Disclosure: Jobity is one of the tools compared here, and I am its founder, so treat the Jobity section as interested rather than neutral. Everywhere else I have tried to review AIApply the way I would want mine reviewed: with screenshots, cited sources, and the parts it beats us on stated plainly. Features and pricing were verified on 2026-07-14 from AIApply's own pages and a hands-on test, and the interview pages were re-checked on 2026-07-15. Re-check pricing before you buy, since it changes.

What is AIApply?

AIApply is an AI job-application suite built on large language models, run by a company based in Berkeley, California (BBB profile). Its pitch is to handle the whole application workflow: write your resume and cover letter, find matching roles on its own job board, submit applications for you, and coach you through interviews.

The product is really two things sold separately. The first is an Application Kit: a resume builder, a cover-letter generator, an interview-prep tool, a resume translator, and a job tracker. The second is Auto-Apply, which searches AIApply's job board and submits applications on your behalf. You can pay for one without the other, which matters a lot when you look at the total cost below.
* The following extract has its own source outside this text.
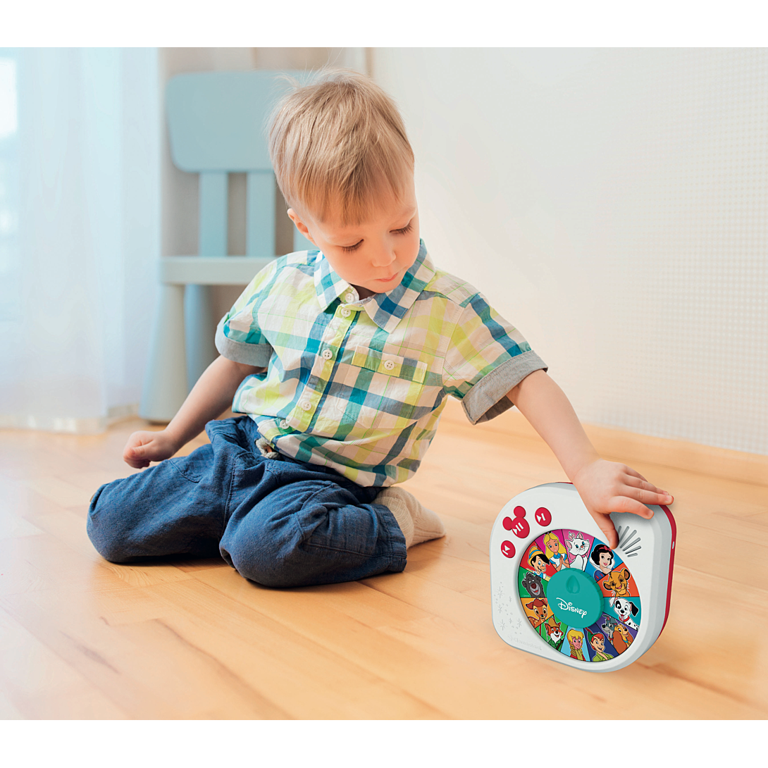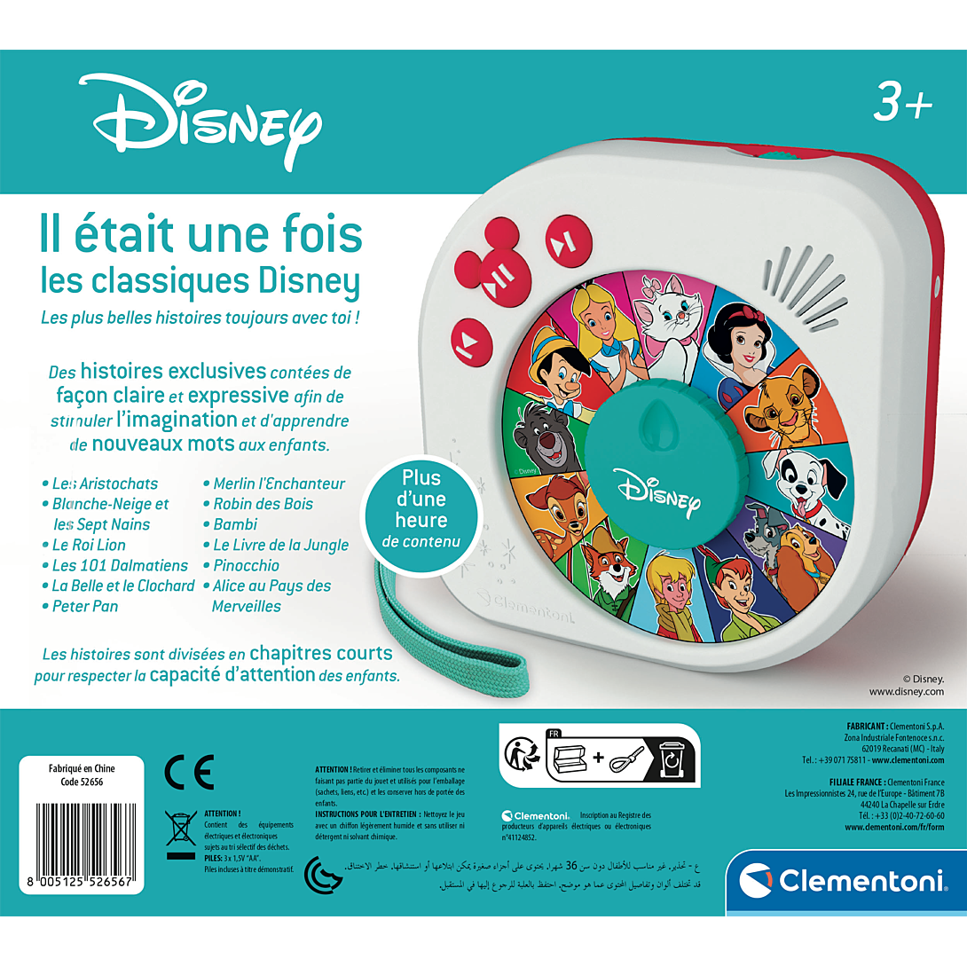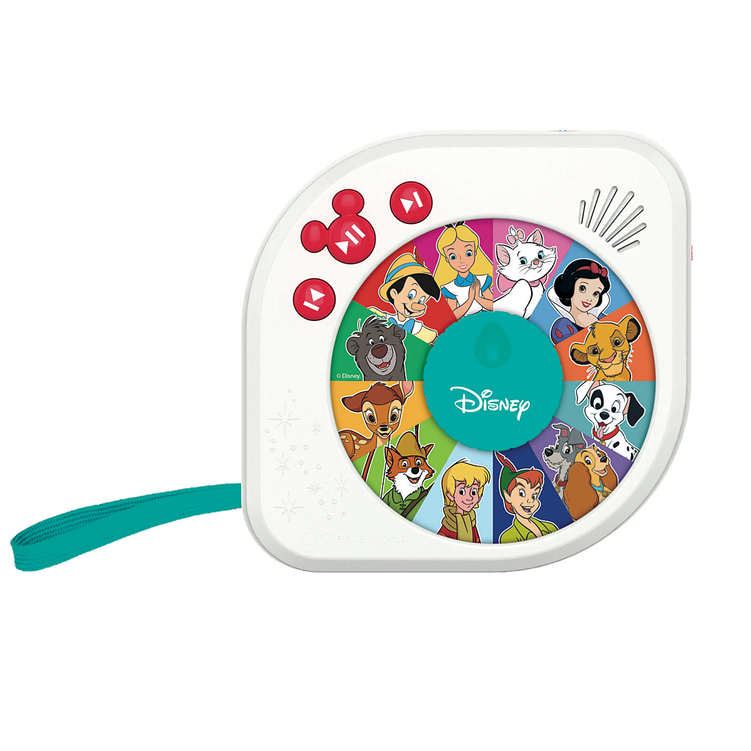 • Écoutez les plus grands classiques de l'univers de Disney réunis dans ce conteur à emmener partout avec soi ! • Retrouvez les héros préférés des enfants dans leurs aventures : Le Roi Lion, Pinocchio, Blanche-Neige, Les Aristochats, Peter Pan... • Tournez le sélecteur sur le personnage de votre choix, appuyez sur le bouton Lecture… et laissez la magie Disney opérer ! • Un jeu idéal pour stimuler la capacité d’imagination des plus petits, l’écoute et l’attention.

AIApply markets hard. The homepage claims users are "80% more likely to get a job faster" and that "61% of users get an interview in first 10 days," both self-reported with no published method. It also shows conflicting user counts across the same site, from "2,064,348 users" at the top of the homepage to "1,166,440 users" further down (aiapply.co, verified 2026-07-14). Treat the marketing numbers as claims, not facts.

AIApply at a glance

What it is

AI job-application suite (resume, cover letter, auto-apply, interview tools)

HQ

Berkeley, California

Auto-apply price

$49/mo (100 apps) to $99/mo (250 apps)

Resume + cover-letter kit

Separate subscription, $29/mo

Free tier

None; no free trial, paywall after onboarding

Matching

Keyword / title string match

Best for

AI mock-interview practice and quick cover letters

Third-party rating

Trustpilot 4.2/5 (1,552 reviews); BBB not accredited

AIApply features

AIApply covers most of the job hunt, though depth varies by tool.

Auto-Apply

Auto-Apply is the headline feature and the reason most people pay. You set a target title, location, seniority, and salary, and the system finds matching listings on its job board and submits applications. It offers three modes: fully automatic, hybrid, and a review mode where you approve submissions first. The review option is a genuine plus, and it means AIApply is not a pure fire-and-forget bot.
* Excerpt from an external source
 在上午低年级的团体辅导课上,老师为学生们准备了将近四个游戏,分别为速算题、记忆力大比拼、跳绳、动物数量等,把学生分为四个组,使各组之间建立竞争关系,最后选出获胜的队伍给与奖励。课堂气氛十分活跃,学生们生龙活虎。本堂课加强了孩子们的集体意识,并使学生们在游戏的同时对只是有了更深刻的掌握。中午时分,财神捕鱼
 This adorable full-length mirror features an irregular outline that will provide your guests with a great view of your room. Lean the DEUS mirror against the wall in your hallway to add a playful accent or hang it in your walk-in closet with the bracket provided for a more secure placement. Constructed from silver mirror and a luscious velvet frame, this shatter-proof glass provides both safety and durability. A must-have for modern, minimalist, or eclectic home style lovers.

AI Resume Builder and Cover Letter Generator

The Application Kit generates a tailored resume and cover letter for a specific role by title. The cover-letter tool uses an interactive, chat-style editor, so you can refine a draft with prompts. In my test the sample cover letter it produced was coherent and included quantified lines like "improved system performance by 40%" and "99.9% SLA," although it opened with a generic "Dear Hiring Manager" and read templated.

Sample cover letter generated by AIApply, opening with a generic greeting

Sample cover letter generated by AIApply, opening with a generic greeting.

Source: aiapply.co (screenshot, fair use)

Mock Interview and Interview Buddy

AIApply's interview features are its most differentiated area, and they are two separate tools that should not be lumped together. The AI Mock Interview lets you practice role-specific questions and get feedback before the interview. That is genuine, useful preparation, and it is rare in the auto-apply category. Interview Buddy is a different thing: a real-time assistant that feeds answer prompts during live Zoom, Google Meet, and Microsoft Teams interviews. Treat that one with care. Reading AI-suggested answers mid-interview can breach an employer's integrity rules, trip remote-proctoring, and backfire if it is noticed. I did not test either behind the paywall, so I am describing what AIApply's own product pages document (verified 2026-07-15), not a hands-on run.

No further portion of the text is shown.